Luis Ortiz says the way Deontay Wilder fights is 'borderline criminal'

2 min read
Luis Ortiz-Deontay Wilder (Getty Images)

Luis Ortiz and Deontay Wilder provided one of the best fights of 2018. Each guy had his moments in the back-and-forth battle. Wilder knocked down Ortiz in the fifth round, and Ortiz roared back and nearly stopped Wilder in the seventh round. Ultimately, it was Wilder who landed the final blow, as he stopped Ortiz in the 10th round to retain the WBC heavyweight championship.

A little over 21 months later, Ortiz and Wilder meet once again on Nov. 23 for Wilder's WBC title at the MGM Grand Garden Arena in Las Vegas. 

When looking back on their first meeting, Ortiz doesn't feel there's too much he could have done better than what he showed to dethrone Wilder. But he also feels that some of the punches Wilder threw were cheap shots and affected him throughout the bout, which caused him to come up short.

"I don't necessarily see anything that could have been done differently on my part," Ortiz said through an interpreter on a recent conference call. "I think that some of the things that Wilder did, and the antics that Wilder does could be dealt with differently this time around, the illegal things. Blows that he throws with the inside of his fists, punching down from the top of the head down and all kinds of craziness that he does, which makes it very difficult to get settled in any fight and quite frankly should be illegal and borderline criminal."

After feeling like Wilder took shortcuts to escape with his title, one would assume Ortiz would be well prepared in the second go around. The Cuban and his head trainer Herman Caicedo don't look at it that way because of the unpredictability Wilder brings every time he enters the ring.
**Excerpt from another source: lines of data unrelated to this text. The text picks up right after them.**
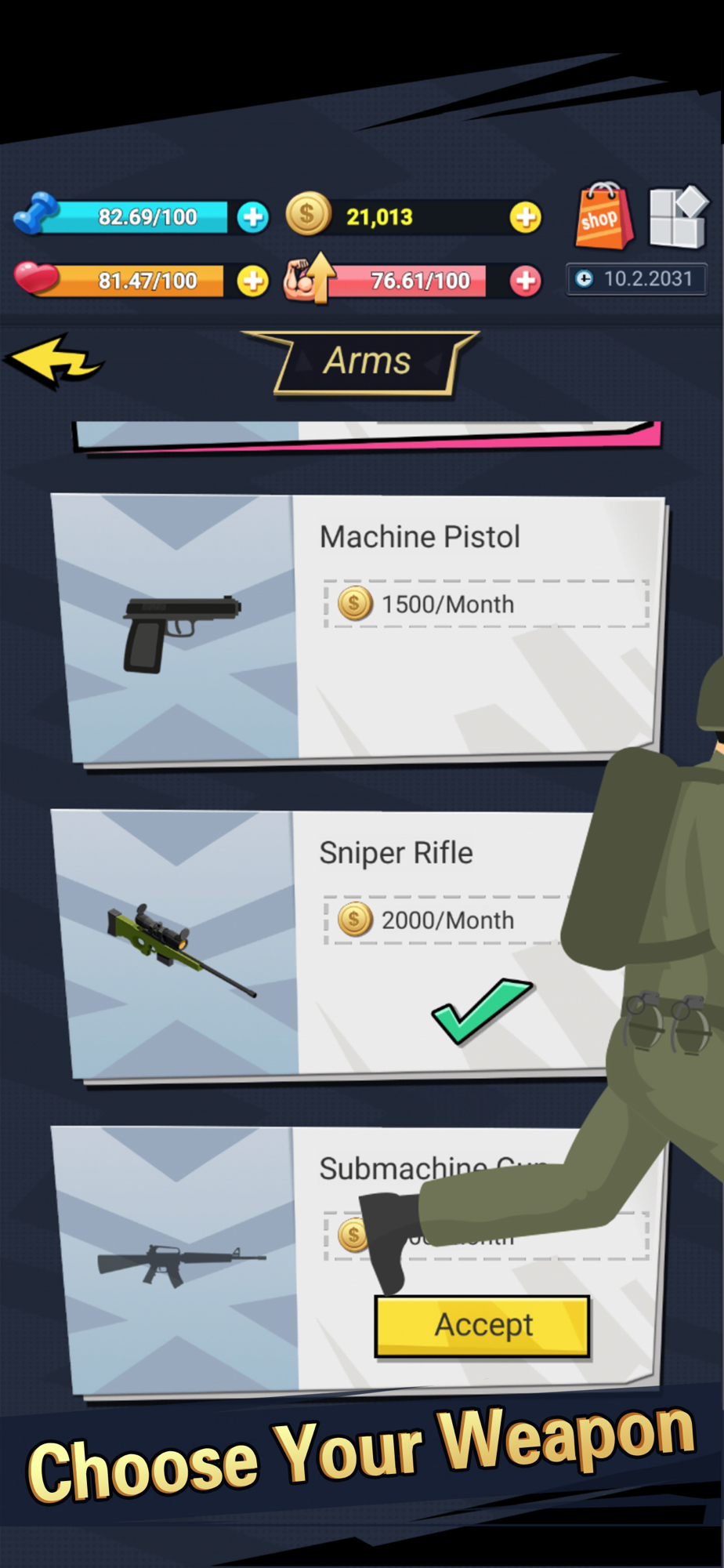 It all started from the moment of you joining the army. Experience your way of promotion from an ordinary recruit to eventually becoming a five-star general.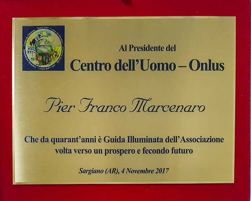 Posteriormente, para sellar tales palabras, entregó al presidente del Centro del Hombre, Pier Franco Marcenaro, la placa conmemorativa de los treinta años.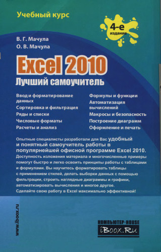ИЗ ИЗДАНИЯ: В четвертом издании книги рассмотрена последняя версия популярнейшего редактора электронных таблиц - Microsoft Excel 2010. На многочисленных примерах показаны возможности форматирования таблиц, расчеты с использованием обширного арсенала функций, выборка данных с помощью фильтрации, построение диаграмм и графиков. Рассмотрены методы автоматизации вычислений в электронных таблицах с помощью макросов и элементов управления и многое другое. |

"You absolutely never know what Wilder is going to do as far as how he approaches his fights," Ortiz said. "But one thing for sure is that both mentally and physically, I'm at my best and prepared. So he can bring whatever he is going to bring. No problem."

The duo agree that it will take effective boxing to tame the wildman known as Deontay Wilder.

"Well, I think the best thing that was going our way was him boxing — getting behind a good jab, and just beating him to the punch and not allowing Wilder to just get crazy with his antics and come out swinging wailing away," Caicedo added. "So I think just being a little bit better on the technical side and on the basics.
"But again, like Luis just said, it's very difficult with him sometimes because he'll spin around and hit you with a back fist, so it's like you never know what could happen."